One big question that runs through my research is the contraposition of wage inequality and wage equality. At first, it seems like a very simple, nearly trivial point. Let me expand on it.
We all know that wages, by employer's request, have the tendency to move towards marginal productivity. However difficult to calculate, the difference between a brilliant order of one engineer and a stupid order of another one is more important than between a brilliant operation of one manual worker and a stupid operation of another worker. Hence, the good engineer gets paid a lot. This is in accordance with the demand for bright people in management, while manual workers have a whole army of unemployed equally unschooled workers that cause a surplus offer. Therefore, for each segment in the workforce, there is an optimal wage.
Ever since
2006, however, the world has discovered externalities. Externalities come in between seemingly Pareto efficient deals, such as the one discribed above. Would it be possible that two segments in the workforce are both better off if government intervenes?

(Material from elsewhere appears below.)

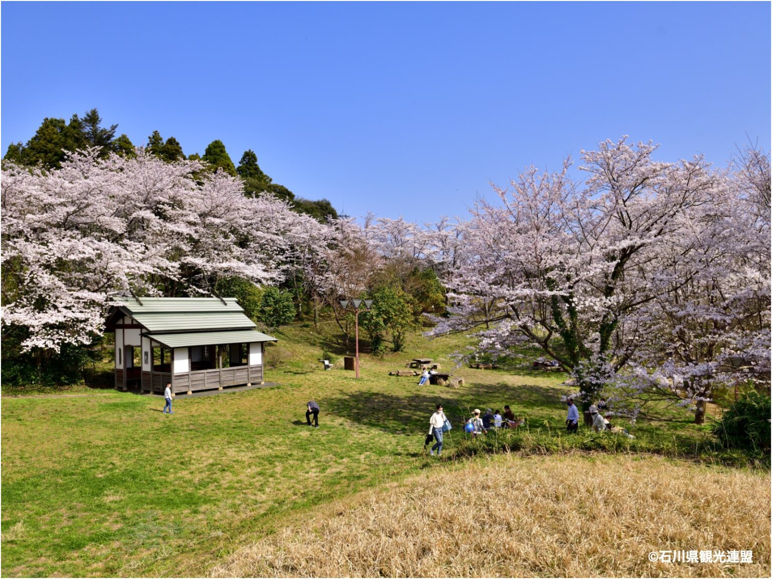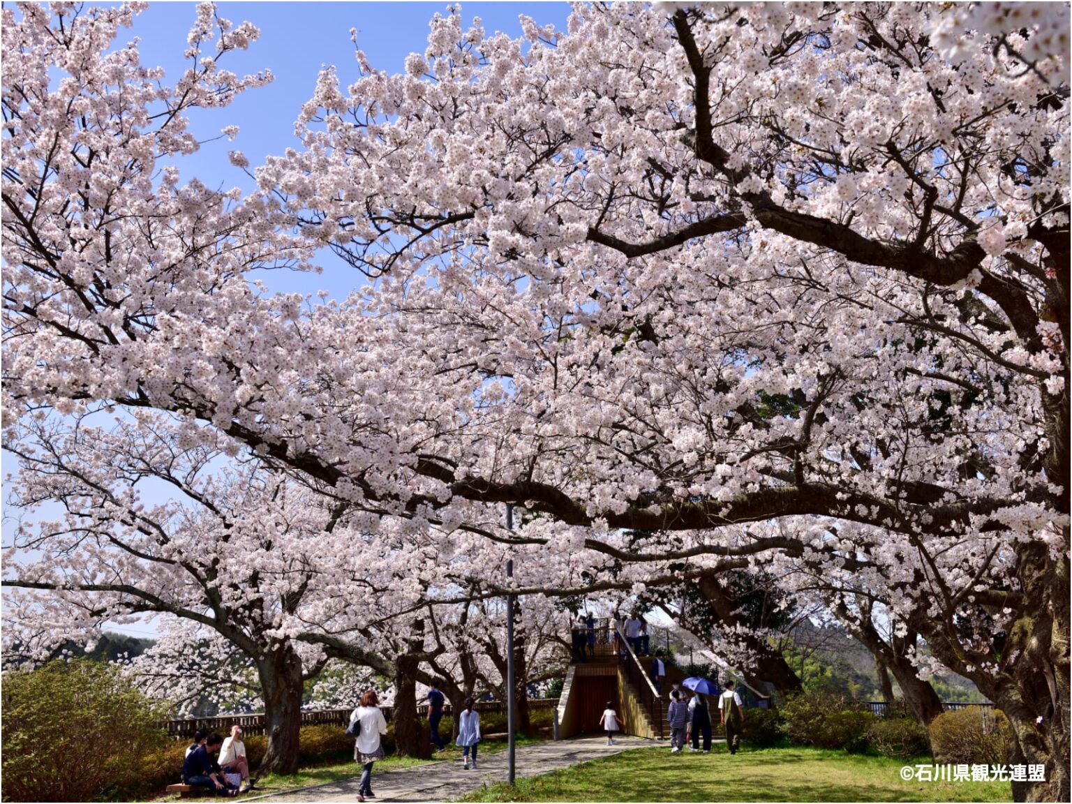 オムライスの生みの親とされる外食産業の元祖・故北橋茂男氏が建立した公園。ソメイヨシノなど約1,500本もの桜が咲き、能登有数の桜の名所として知られる。辺り一面に咲き乱れる桜の下は毎年大勢の花見客で賑わっている。

Wilkinson & Pickett believe so: inequality has a price. That price is to be paid by all, also by the rich. In so far that the underclass or precariat causes trouble, this price goes up. This is no moral position at all, I confess, but it may be a very convincing one. The upper segments will profit from having a lower wage, if it smoothens differences in society. Of course, the underclass gets leveled up, which may equally improve happiness and even provide chances for development. In the end, there will be a Pareto efficient equilibrium in some degree of wage inequality way less than the one based on marginal productivity.
Now there is a paradoxical complication in this reasoning: what is the optimal choice when the underclass causes trouble. One can suppress the consequences or the causes, and be indifferent between both options. For example, the upper class can demand a higher wage to compensate for increasing insecurity and the need to have private surveillance. This will actually be the first idea from a free riding micro perspective. It will fail for two reasons:
- The need to be surrounded by guards implies the cost of individual freedom in all cases. In a way, one could however still say that one can be bribed to accept this cost.
- Wages rise far above marginal productivity, which should be compensated by wages far below marginal productivity for lower skilled workers. This will however create ever more trouble, so that this solution is not stable.
In my view, therefore, there is a rational foundation for more equality, which may be the subject of specification in further research. I hope social sciences one day will be able to bring one and one together on this matter.